Кромвель подошел к передней части машины и завел двигатель. Маргарет включила зажигание. Машина закашляла и взревела. Кромвель забрался на сиденье, Маргарет установила передачу, и «мерседес» выскочил на улицу между канатной машиной и грузовиком с пивом.
Кромвель уже привык к безумной манере вождения своей сестры и расслабился, сидя на своем сиденье, но был готов вскочить в любой момент.
— Поехали к Тихоокеанским Высотам, остановись перед парком Лафайет.
— Есть особые причины?
— Сможем погулять по дорожкам и поговорить.
Больше она не задала ни одного вопроса. «Мерседес-симплекс» легко поднялся на холм. Затем Маргарет повернула с улицы Филлмор, поехала по Сакраменто до самого парка и остановилась в начале дорожки, идущей между деревьев. Через пять минут они уже подошли к самой высокой точке парка, откуда открывался прекрасный вид на город.
— О чем ты хотел поговорить? — спросила Маргарет.
— Решил предпринять еще одно ограбление.
Она замерла на ходу и огорченно посмотрела на него.
— Наверное, ты шутишь.
— Напротив, совершенно серьезен.
— Но зачем? — изумилась она. — Что ты хочешь выиграть?
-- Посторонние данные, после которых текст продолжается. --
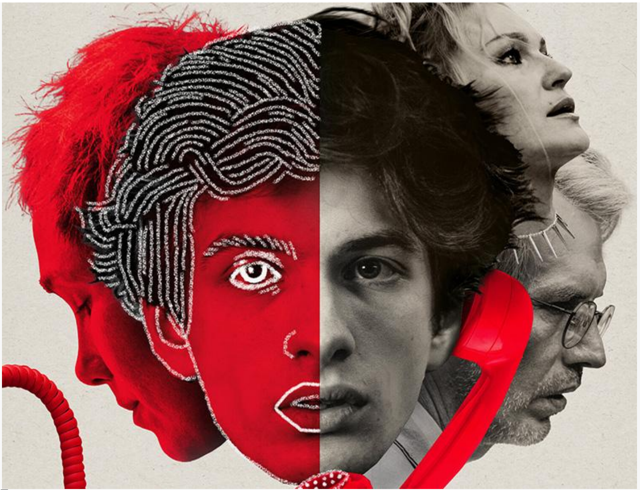
Постер к фильму «Ганди молчал по субботам»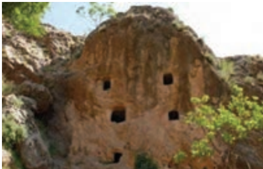
تصویر ۶-۱۰- بردگوری‌ها (اردل)

هم زمان با حکمرانی دولت‌های هخامنشیان، اشکانیان و ساسانیان، وجود مراتع غنی منطقه را به بیلاق و سکونتگاه تابستانی مهم جوامع کوچ روتبديل کرده بود که وجود ایل راه‌های باستانی و حجاری نقوش برجسته در کنار این راه‌ها به اهمیت فوق العاده مسیرهای ارتباطی که موجب فراهم شدن زمینه ارتباطات اجتماعی و تجاری بین تمدن‌های جنوب غربی ایران و فلات مرکزی شده است، اشاره دارند.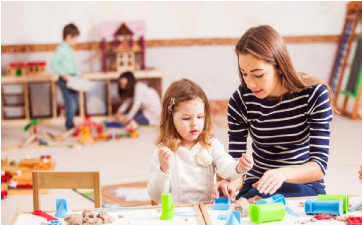
Slika 3. Rad odgojitelja s djetetom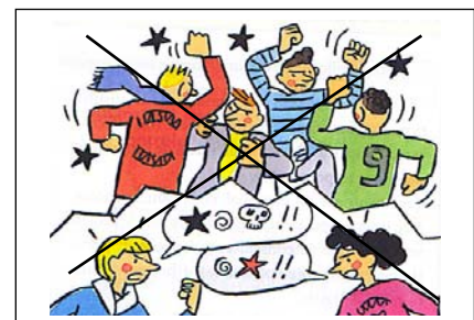
Sécurité des élèves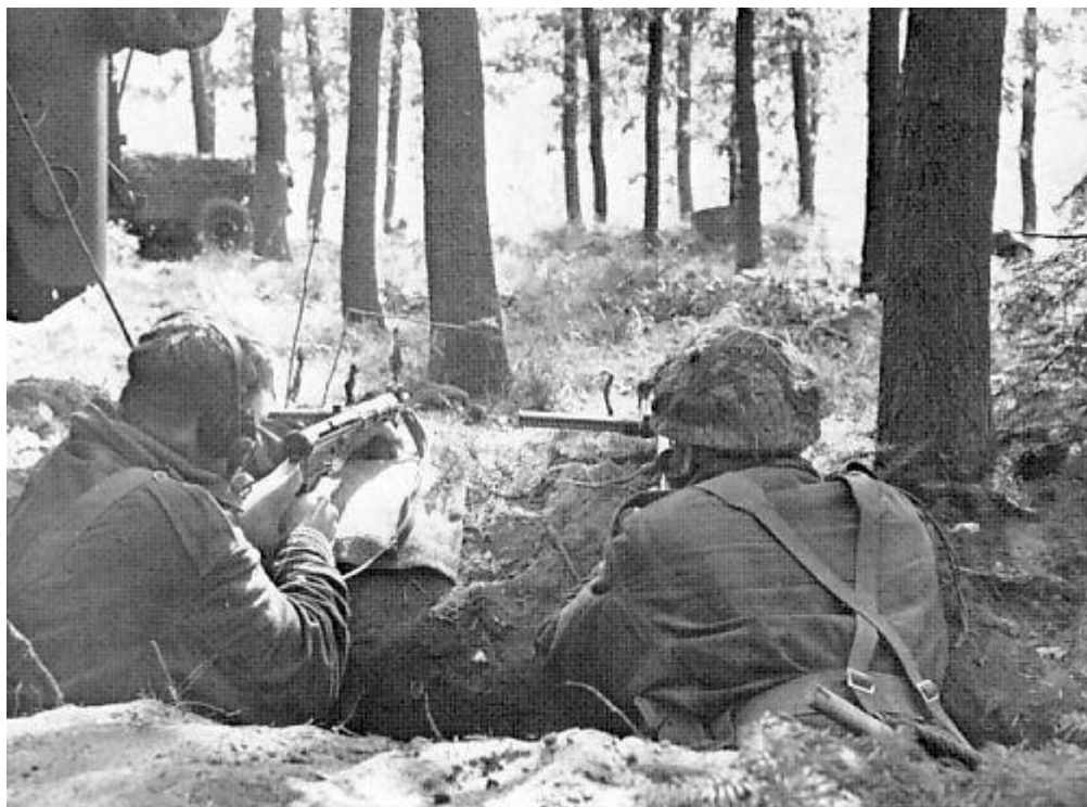
Afbeelding 1: Verdediging van de perimeter

Maar daar hebben we genoten van een uitstekende lunch en na de middagpauze zijn we weer verder gegaan richting de Rijn en Westerbouwing, die is overigens ook helemaal verwoest door de intense gevechten, hier heeft nog een Canadees getracht de Duitsers tegen te houden wat niet gelukt is en hij is daar ook gesneuveld. Dan had je daar ook nog de Hemelse berg in de buurt, dit was de laatste verdedigingslinie van de para's, deze is trouwens nooit serieus door de Duitsers aangevallen.

Тебя чуть не схватили в Теллуриде. Зачем бессмысленно испытывать судьбу?
— Потому что мне нравится бросать вызов. К тому же приятно быть легендой своего времени.
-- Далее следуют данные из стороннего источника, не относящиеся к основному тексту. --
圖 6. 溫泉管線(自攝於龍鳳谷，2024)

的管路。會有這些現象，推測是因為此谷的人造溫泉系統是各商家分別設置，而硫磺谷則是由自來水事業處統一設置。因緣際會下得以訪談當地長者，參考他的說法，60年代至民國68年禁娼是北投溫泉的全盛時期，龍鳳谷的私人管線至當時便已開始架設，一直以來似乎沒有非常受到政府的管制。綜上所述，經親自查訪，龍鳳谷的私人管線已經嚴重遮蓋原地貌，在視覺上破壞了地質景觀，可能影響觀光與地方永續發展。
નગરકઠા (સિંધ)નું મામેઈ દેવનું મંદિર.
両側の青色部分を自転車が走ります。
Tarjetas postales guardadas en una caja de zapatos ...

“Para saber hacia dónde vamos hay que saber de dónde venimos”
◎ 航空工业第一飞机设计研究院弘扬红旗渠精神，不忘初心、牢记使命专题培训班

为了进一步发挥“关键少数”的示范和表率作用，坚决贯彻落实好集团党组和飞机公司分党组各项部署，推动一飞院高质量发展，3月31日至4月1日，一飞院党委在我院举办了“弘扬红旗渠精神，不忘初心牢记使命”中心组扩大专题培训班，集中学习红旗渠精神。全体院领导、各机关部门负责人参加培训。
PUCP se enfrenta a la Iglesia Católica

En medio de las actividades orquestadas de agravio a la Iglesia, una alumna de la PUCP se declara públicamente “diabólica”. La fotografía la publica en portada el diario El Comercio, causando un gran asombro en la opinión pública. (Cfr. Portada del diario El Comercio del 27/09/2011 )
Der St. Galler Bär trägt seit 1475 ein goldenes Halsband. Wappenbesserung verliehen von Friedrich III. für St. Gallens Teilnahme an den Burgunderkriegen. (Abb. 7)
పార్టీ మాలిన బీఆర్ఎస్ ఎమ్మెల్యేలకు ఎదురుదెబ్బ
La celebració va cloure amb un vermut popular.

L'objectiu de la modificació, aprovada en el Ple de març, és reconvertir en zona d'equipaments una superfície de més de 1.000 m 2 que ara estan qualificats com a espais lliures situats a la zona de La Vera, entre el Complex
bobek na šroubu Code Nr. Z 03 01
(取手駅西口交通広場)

Она отвернулась, вид у нее был ошеломленный.
— Это глупо.
— Ты не понимаешь, — сказал он, обнимая ее за талию.
— Понимаю лишь то, что это настоящее безумие: однажды удача отвернется от тебя, и тебя повесят.
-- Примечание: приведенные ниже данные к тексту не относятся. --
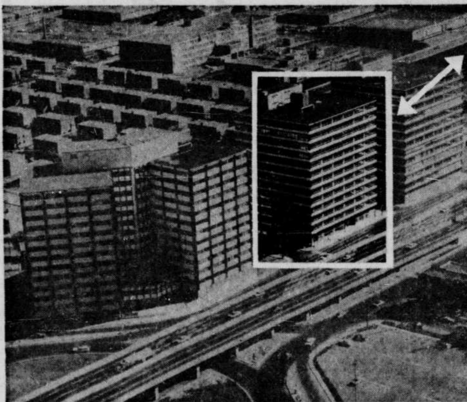
BOULEVARDS ST-LAURENT ET METROPOLITAIN • Téléphone: 389-1373

Il y a peut-être encore beaucoup d'espace à bureaux à louer dans la ville, mais pas à la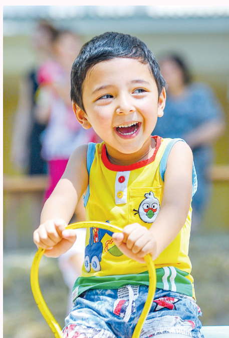
1 июнь – Халқроқ болаларни ҳимоя қилиш кунини

Тадбир Жиззах шаҳридаги Шароф Рашидов ва ўзбек адабиётининг икки буюк қалб эгаси Ҳамид Олимжон ҳамда Зулфияхоним ҳайкаллари пойига гул қўйиш ва уларнинг хотирасини ёд этиш билан бошланди. Зардўзлик, каштачилик, хунармандчилик намуналаридан ташкил топган кўргазма ва Жиззах миллий либослари, Фориш туманидаги “Боғдон гуллари” фольклор этнографик халқ ансамбли аъзоларининг чиқишлари намойиш этилди.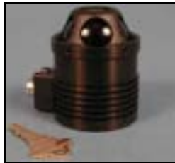
Abb.2: HiBall-3100 optical sensor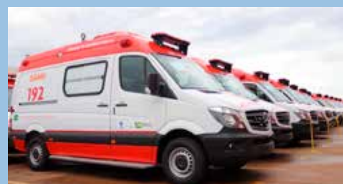
Segundo os profissionais, os vencimentos estavam em atraso há dois meses; atividades foram paralisadas desde o plantão de terça-feira (26) e continuam sem previsão de retorno.

Até o fechamento desta reportagem, o TJES não respondeu aos questionamentos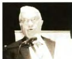
Ο Καθηγητής Μ/Γ και πρόεδρος της Ε.Ε.Α.Ι. αναφέρθηκε στην υπογεννητικότητα στην χώρα μας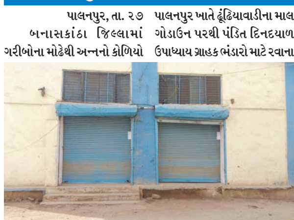
ઘઉંની લેતા કાળાબજારીયા બેઠામાં કરાઈ રહેલ રેશનીંગના પુરવઠામાં બન્યાં છે. હજુ તો ડિસેમ્બર માસમાં રસીદ હોવા છતાં ચોખાની બોરીઓ

ઘઉં-ચોખા-ખાંડ સાથેની રસીદો વાળી ટ્રકમાં માત્ર ઘઉંનો જ પુરવઠો : ગોડાઉન સીલ કરાયું : તપાસની મંથરગતિએ કાળાબજારરિયાઓને મોકળુ મેદાન આપ્યું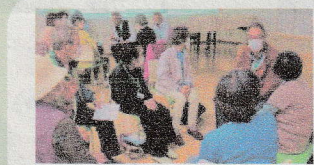
交流することで脳活性化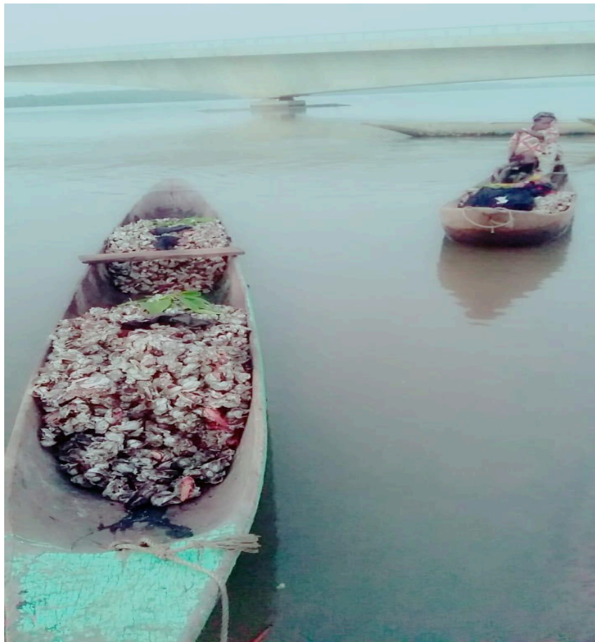
Figura 4 - Chegada de uma mulher felupe com as ostras na canoa.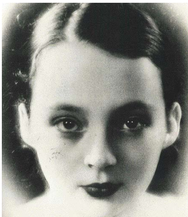
M. Duras : « Là, j'ai dix huit ans »

1973 > Michel Platini a 18 ans : début d'une carrière professionnelle

— В любом случае, пока мне это не угрожает, — сказал он. — И не будет угрожать, пока их лучший агент лежит в могиле.
Маргарет вспомнила фантастические фиолетовые глаза, руку Белла, обнимавшую ее за талию, когда они танцевали в отеле «Браун-палас». Ей показалось, что издалека она слышит его голос.
— Трудно поверить, что Белл умер.
Он удивленно посмотрел на нее.
— Ты сказала это так, словно сильно увлечена им.
Она пожала плечами и постаралась принять безразличный вид.
— О, он прекрасно выглядел, в нем было что-то особенное. Полагаю, что многие женщины находили его обаятельным.
— Не имеет значения. Исаак Белл — уже история.
Кромвель остановился, и они с сестрой пошли обратно к автомобилю.
— Хочу одурачить Ван Дорна и всех остальных офицеров правоохранительных органов, которые мечтают повесить меня. Им и в голову не придет, что я могу совершить еще одно уголовное преступление так скоро, да еще и в банке такого города, который они даже не заподозрят. И вновь они останутся со спущенными штанами.
На глазах у нее выступили слезинки, Маргарет смахнула их носовым платком, совершенно не понимая, вызваны ли ее чувства уходом из жизни Белла или безумием брата.
— Где же на этот раз?
— Это будет не зарплата, поступившая в шахтерский город, — сказал он, широко улыбаясь. — Сделаю вираж и нанесу удар по городу, который не ожидает меня.
— Какой же?
— Сан-Диего, здесь, в Калифорнии.
— Это почти у нас на задворках.
— Тем лучше, — сказал Кромвель. — Тем легче мне будет скрыться.
— Почему ты выбрал Сан-Диего, что в нем особенного?